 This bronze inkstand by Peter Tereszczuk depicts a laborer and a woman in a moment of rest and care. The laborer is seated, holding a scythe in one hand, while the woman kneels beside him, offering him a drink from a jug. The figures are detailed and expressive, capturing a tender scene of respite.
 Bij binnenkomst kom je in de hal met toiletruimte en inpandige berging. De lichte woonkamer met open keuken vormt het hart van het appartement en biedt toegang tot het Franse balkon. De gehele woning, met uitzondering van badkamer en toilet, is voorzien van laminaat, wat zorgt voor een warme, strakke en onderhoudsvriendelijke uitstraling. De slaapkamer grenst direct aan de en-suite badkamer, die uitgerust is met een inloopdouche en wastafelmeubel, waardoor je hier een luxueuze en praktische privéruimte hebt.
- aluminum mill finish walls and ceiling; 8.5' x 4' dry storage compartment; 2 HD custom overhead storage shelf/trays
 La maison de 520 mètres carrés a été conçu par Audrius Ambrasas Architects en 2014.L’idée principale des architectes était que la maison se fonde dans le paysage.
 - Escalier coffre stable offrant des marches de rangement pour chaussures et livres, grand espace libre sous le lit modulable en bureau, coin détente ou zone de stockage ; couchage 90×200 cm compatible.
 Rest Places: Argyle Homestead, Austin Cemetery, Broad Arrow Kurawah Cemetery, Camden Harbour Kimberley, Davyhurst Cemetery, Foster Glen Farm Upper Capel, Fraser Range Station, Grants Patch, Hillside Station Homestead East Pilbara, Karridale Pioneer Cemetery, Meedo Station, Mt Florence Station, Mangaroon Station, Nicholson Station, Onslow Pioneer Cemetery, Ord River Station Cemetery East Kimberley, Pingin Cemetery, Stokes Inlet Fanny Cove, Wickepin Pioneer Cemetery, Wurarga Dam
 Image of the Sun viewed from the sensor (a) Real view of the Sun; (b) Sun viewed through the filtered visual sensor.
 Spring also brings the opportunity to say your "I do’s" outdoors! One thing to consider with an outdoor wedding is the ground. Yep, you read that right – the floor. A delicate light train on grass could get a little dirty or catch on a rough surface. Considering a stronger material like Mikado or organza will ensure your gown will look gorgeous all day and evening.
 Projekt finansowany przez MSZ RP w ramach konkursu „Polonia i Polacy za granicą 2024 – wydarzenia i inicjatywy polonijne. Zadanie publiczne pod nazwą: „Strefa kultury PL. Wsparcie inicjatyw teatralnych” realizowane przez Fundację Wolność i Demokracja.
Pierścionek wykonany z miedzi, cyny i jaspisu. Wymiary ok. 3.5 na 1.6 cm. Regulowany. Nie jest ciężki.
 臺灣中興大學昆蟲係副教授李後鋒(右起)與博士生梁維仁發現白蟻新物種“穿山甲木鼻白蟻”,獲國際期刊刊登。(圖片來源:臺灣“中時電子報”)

____________

Quote the records above from their first line through the line containing "Bij binnenkomst kom", both ends included.

### Solution for this task:
 This bronze inkstand by Peter Tereszczuk depicts a laborer and a woman in a moment of rest and care. The laborer is seated, holding a scythe in one hand, while the woman kneels beside him, offering him a drink from a jug. The figures are detailed and expressive, capturing a tender scene of respite.
 Bij binnenkomst kom je in de hal met toiletruimte en inpandige berging. De lichte woonkamer met open keuken vormt het hart van het appartement en biedt toegang tot het Franse balkon. De gehele woning, met uitzondering van badkamer en toilet, is voorzien van laminaat, wat zorgt voor een warme, strakke en onderhoudsvriendelijke uitstraling. De slaapkamer grenst direct aan de en-suite badkamer, die uitgerust is met een inloopdouche en wastafelmeubel, waardoor je hier een luxueuze en praktische privéruimte hebt.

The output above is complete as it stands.